Astrophysical component separation of COBE-DMR 4-yr data with FastICA

Abstract

We present an application of the Fast Independent Component Analysis (FastICA) method to the Cosmic Background Explorer Differential Microwave Radiometer (COBE-DMR) 4-yr data. Although the signal-to-noise (S/N) ratio in the COBE-DMR data is typically ∼1, the approach is able to extract the cosmic microwave background (CMB) signal with high confidence from high galactic latitude regions. However, the foreground emission components have too low a S/N ratio to be reconstructed by this method (moreover, the number of components which can be reconstructed is directly limited by the number of input channels).

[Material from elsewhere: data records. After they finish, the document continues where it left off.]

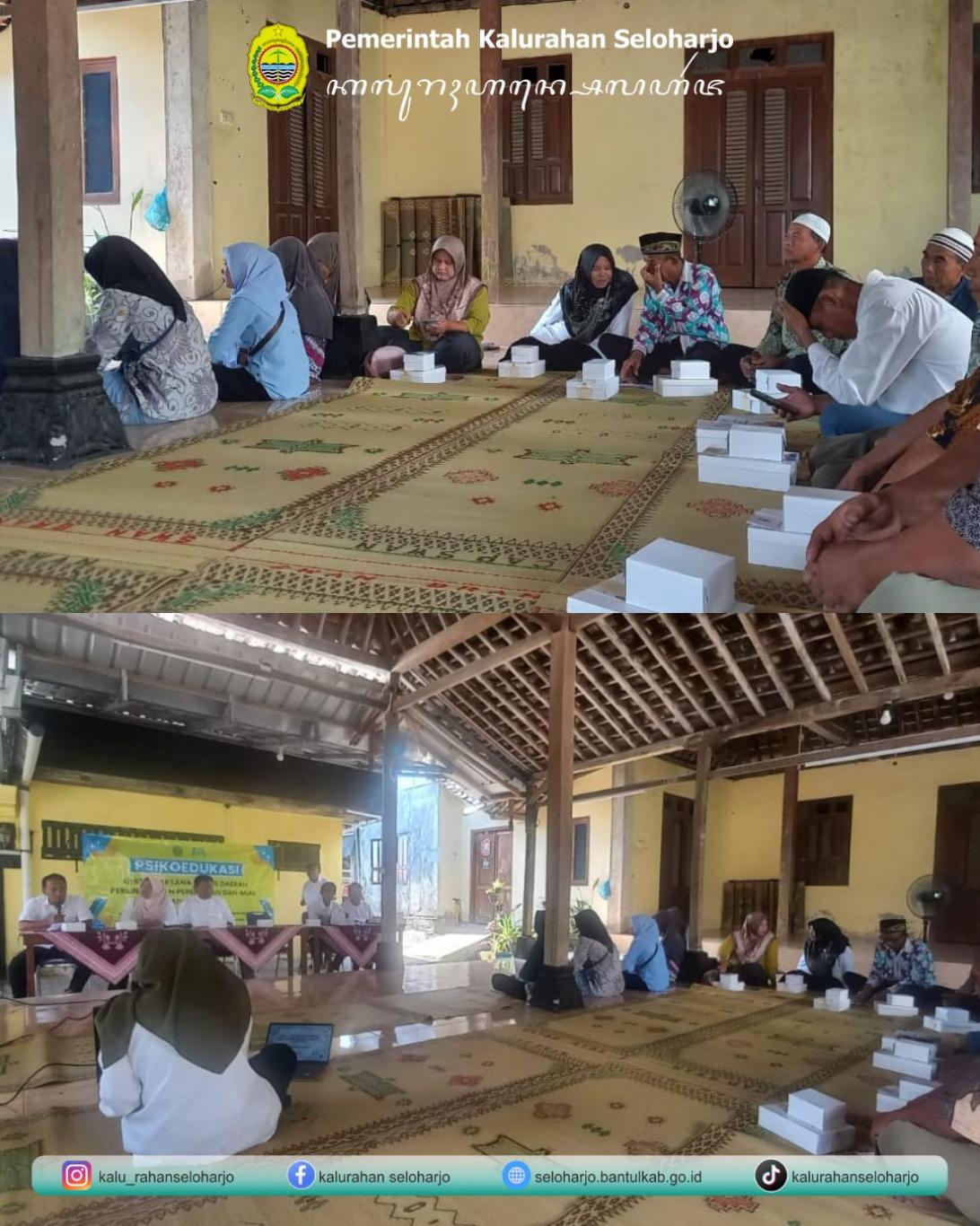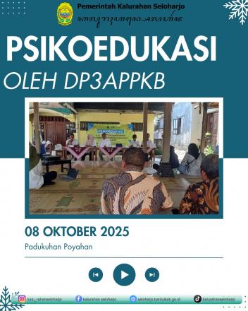 Seloharjo, 08 Oktober 2025 Kamituwa Seloharjo menghadiri Psikoedukasi di padukuhan Poyahan yang diselenggarakan oleh Dinas Pemberdayaan Perempuan dan Perlindungan Anak, Pengendalian Penduduk dan Keluarga Berencana Kabupaten Bantul. Psikoedukasi merupakan suatu tindakan meditasi yang memiliki kegunaan untuk menangani kesehatan mental seseorang. Tindakan psikoedukasi yang dilakukan pada seseorang beserta keluarganya ialah salah satu cara untuk menangani perubahan mental.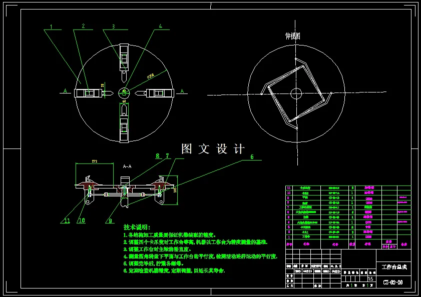 汽车轮胎拆装机总体设计 快速车轮拆装机兼拆胎,装胎一体,拆装机转盘的转动采用电机驱动,本次设计将松胎、卡爪的松紧两部分的动力设备统一为气压机,它对于其他机械系统来说具有结构简单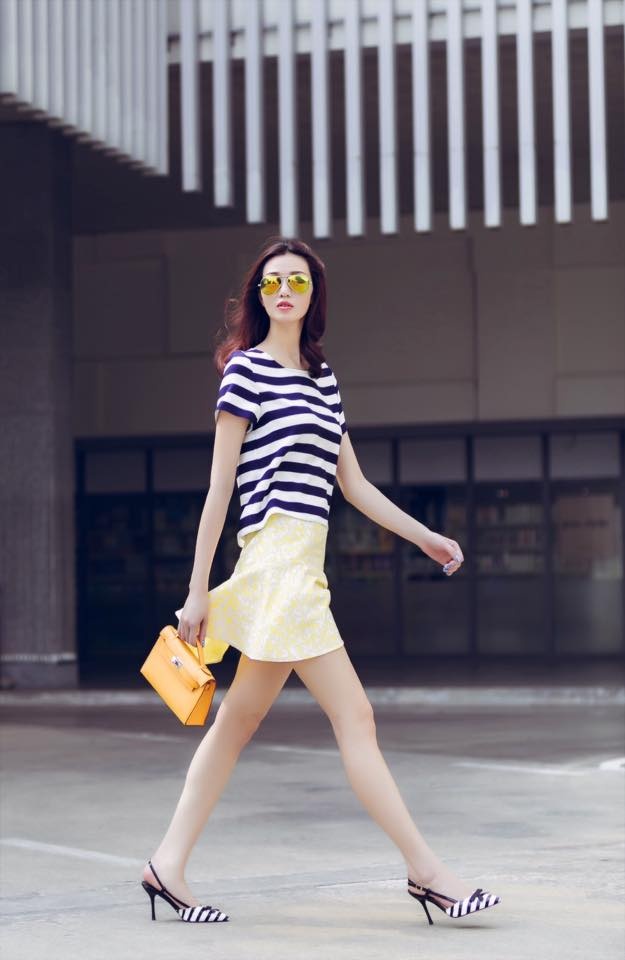 | Diễm My mang đến cách phối màu mới mẻ với họa tiết chấm bi và họa tiết kẻ ngang, giúp cô trở nên trẻ trung và nổi bật. |

The reconstructed CMB map shows the expected frequency scaling of the CMB and, fitting for the rms quadrupole normalization Qrms-PS and primordial spectral index n we find results in excellent agreement with those derived from the minimum-noise combination of the 90- and 53-GHz DMR channels without galactic emission correction. We extend the analysis by including additional channels (priors): the Haslam map of radio emission at 408 MHz and the Diffuse Infrared Background Experiment (DIRBE) 140-μm map of galactic infrared emission. The FastICA algorithm is now able to both detect galactic foreground emission and separate it from the dominant CMB signal. Fitting again for Qrms-PS and n we find good agreement with the results of Górski et al. where galactic emission has been taken into account by means of correlation analysis of the DMR signal. We investigate the ability of FastICA to evaluate the extent of foreground contamination in the COBE-DMR data further including an all-sky Hα survey to determine a reliable free-free. The derived frequency scalings of the recovered foregrounds are consistent with previous correlation studies. After subtraction of the thermal dust emission as in model 7 of Finkbeiner, Davis & Schlegel, we find a clear indication of an anomalous dust-correlated component which is the dominant foreground emission at 31.5 GHz and which is well fitted by a power-law spectral shape ν−β with β∼ 2.5 in agreement with Banday et al.